Now lets do a little algebra.

[MATH]x = a^s * a^{-t}.[/MATH]
[MATH]\text {Let } u = - t \implies x = a^s * a^u = a^{(s + u)} = a^{(s-t)}.[/MATH]
[MATH]x = a^s * a^{(-t)} = a^s * \dfrac{1}{a^t} = \dfrac{a^s}{1} * \dfrac{1}{a^t} = \dfrac{a^s}{a^t}.[/MATH]
[MATH]x = \dfrac{a^s}{a^t} \text { and } x = a^{(s-t)} \implies a^{(s-t)} = \dfrac{a^s}{a^t}.[/MATH]
Let’s call that theorem A.

Assume b and c are real numbers > 0, and d is an integer > 1.

[MATH]y = \sqrt[d]{b} * \sqrt[d]{c} \implies y^d = (\sqrt[d]{b} * \sqrt[d]{c})^d = bc \implies y = \sqrt[d]{bc}.[/MATH]
[MATH]y = \sqrt[d]{b} * \sqrt [d]{c} \text { and } y = \sqrt[d]{bc} \implies \sqrt[d]{b} * \sqrt[d]{c} = \sqrt[d]{bc}[/MATH]
Let’s call that Theorem B.

[MATH]w = \dfrac{\sqrt[d]{c}}{\sqrt[d]{c}} \implies w^d = \left ( \dfrac{\sqrt[d]{b}}{\sqrt[d]{c}} \right )^d = \dfrac{b}{c} \implies w = \sqrt[d]{\dfrac{b}{c}}.[/MATH]
[MATH]w = \dfrac{\sqrt[d]{b}}{\sqrt[d]{c}} \text { and } w = \sqrt[d]{\dfrac{b}{c}} \implies \dfrac{\sqrt[d]{b}}{\sqrt[d]{c}} = \sqrt[d]{\dfrac{b}{c}}.[/MATH]
Call that Theorem C.

Your problem requires Theorems A, B, and C.

[MATH]\dfrac{\sqrt{8c^{20}}}{\sqrt{32c^4}} = \sqrt{\dfrac{8c^{20}}{32c^4}} = \sqrt{\dfrac{1}{4} * c^{(20-4)}} = \sqrt{\dfrac{1}{4}} * \sqrt{c^{16}} = \dfrac{1}{2} * c^8.[/MATH]

Why thank you, JeffM. That was very insightful, especially theorem B & C because I've never thought about it that way.
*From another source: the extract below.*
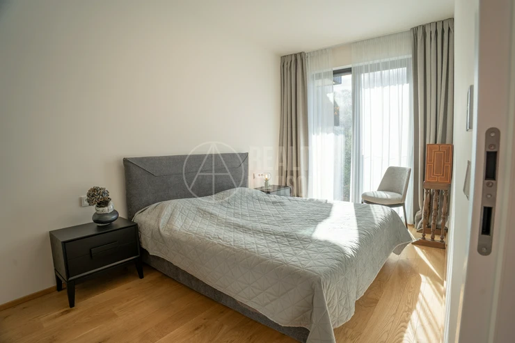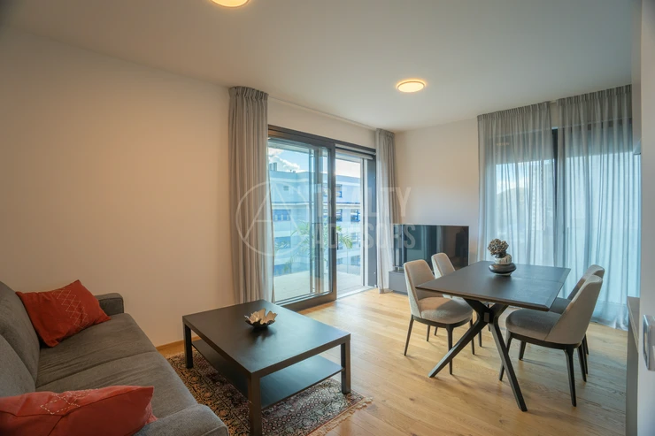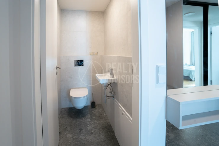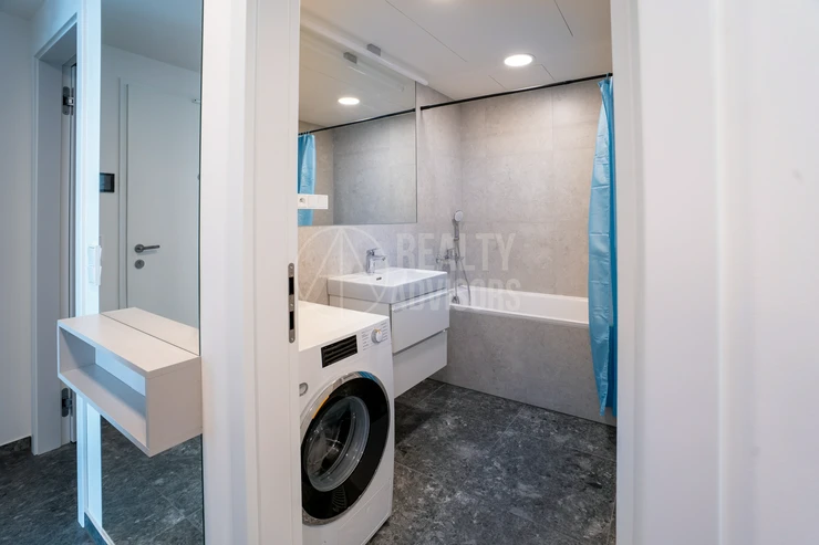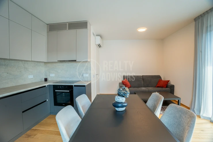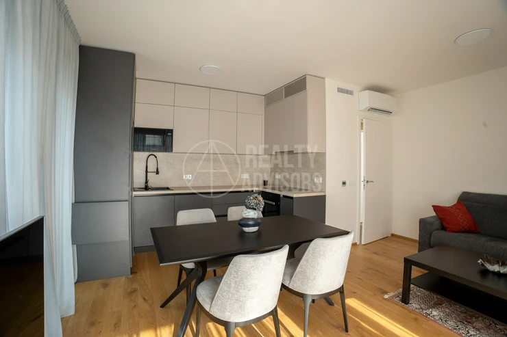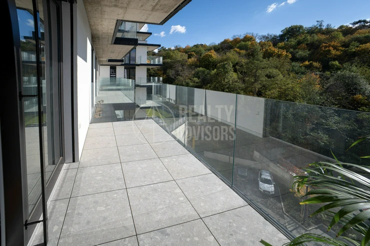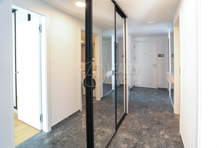 Luxurious Fully Furnished 3+kk Apartment with a total area of 80.4 m² and two balconies (9.9 m² and 9 m²) is located in the new residential project Ahoj Vanguard in Prague’s Modřany district. The sale includes a cellar (1.9 m²) and a garage parking space. The apartment comes fully equipped with designer furniture and premium Miele kitchen appliances and is ready for immediate move-in. Residents enjoy free access to an exclusive spa & wellness centre, an 18-metre swimming pool, and a rooftop terrace with stunning nature views and a barbecue area. The southwest orientation ensures plenty of natural daylight and a peaceful view of the surrounding greenery. The neighbourhood offers a perfect balance between city life and nature — with the Vltava riverside cycling path, Hodkovičky golf course, Malá Chuchle mini-zoo, as well as schools, kindergartens, and a motorboat rental all nearby. Modřany is one of Prague’s fastest-developing residential areas, offering excellent transport links and a truly high standard of living

I didn't know I could take away the radical by raising the other factors to a power.

 

[JeffM]

Why thank you, JeffM. That was very insightful, especially theorem B & C because I've never thought about it that way. I didn't know I could take away the radical by raising the other factors to a power.
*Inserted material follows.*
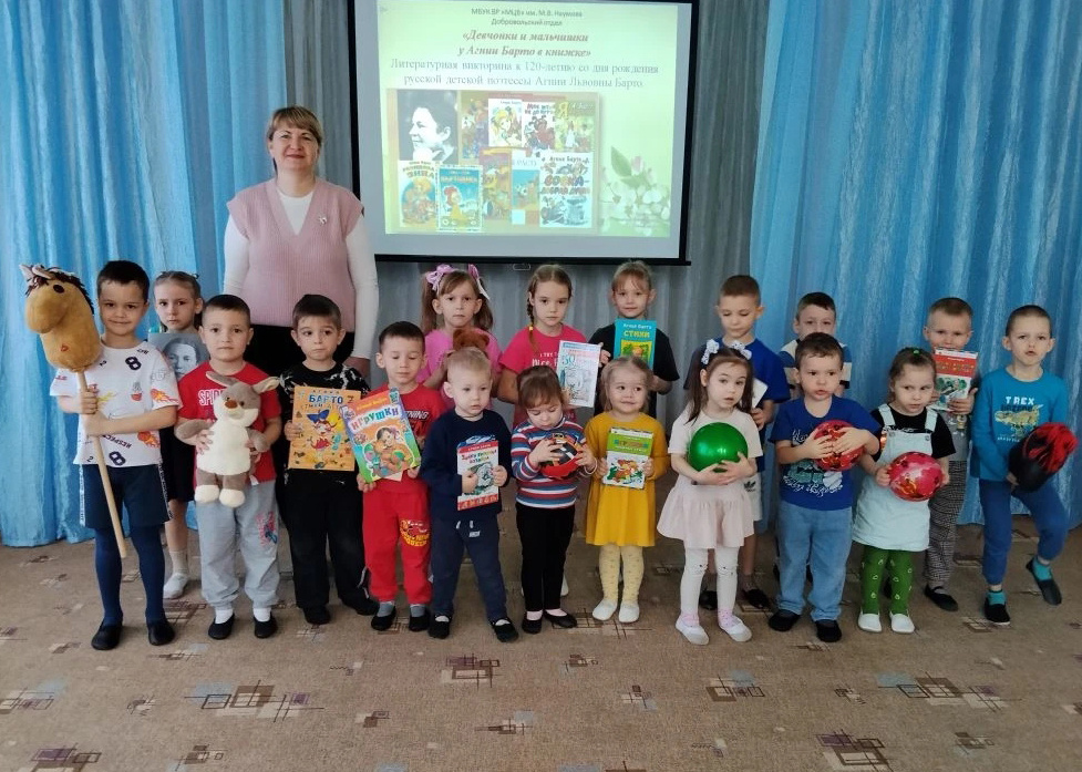 Её стихи живут с нами всегда: «Уронили мишку на пол…», «Зайку бросила хозяйка…», «Спать пора! Уснул бычок…». Стихи Агнии Львовны Барто — это страницы нашего детства. Именно на этих добрых, звонких строчках выросли мы, наши мамы и папы, дедушки и бабушки, а теперь растут и наши дети. Каждым своим стихотворением Агния Барто поднимает настроение читателя до высоты радости, помогает ему не просто насладиться веселой игрой слов, но и пробуждает в ребёнке доброту, желание самому творить радость для других. Книги Агнии Львовны Барто печатались миллионными тиражами, стихи писательницы стремительно вошли в нашу жизнь и укрепились где-то глубоко в подсознании, её рифмы стали по-настоящему народными, превратившись в пословицы и поговорки. Стихотворения Агнии Барто до сих пор любят читать взрослые и дети, ведь они такие весёлые, лёгкие и понятные. В рамках проекта «Чтение с увлечением» к 120-летию со дня рождения русской детской поэтессы А.Л. Барто Добровольский отдел провёл для воспитанников детс

You are welcome. For some reason, teachers at the beginning level do no explain the power of generalization. I am not sayibg that most teachers at the beginning level do not understand it. Rather, I suspect that they MISTAKENLY view the power of generalization to too obvious to mention.
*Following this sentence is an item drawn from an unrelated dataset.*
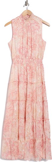 Metallic threads bring subtle sheen to this flowy maxi dress fashioned with a smocked waist and tiered ruffles.
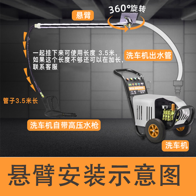 Car wash rocker 360-degree rotating telescopic self-cleaning equipment carport high-pressure water machine stainless steel cantilever swing arm

I read some wise mathematician who said every lesson should teach the power of generalization and abstraction. I am not sure it is wise about everything, spouses for example, but it is true about math.

 

[Deleted member 4993]

Beer soaked ramblings follow.
Man,

that's fast.​

Latex fast.​

that rhymes .....

 

[Steven G]

Example:

[math]\dfrac {x^7}{x^3} = \dfrac {x*x*x*x*x*x*x}{x*x*x*}= x*x*x*x = x^4[/math]. Do you see those 3 x's canceling out to 1?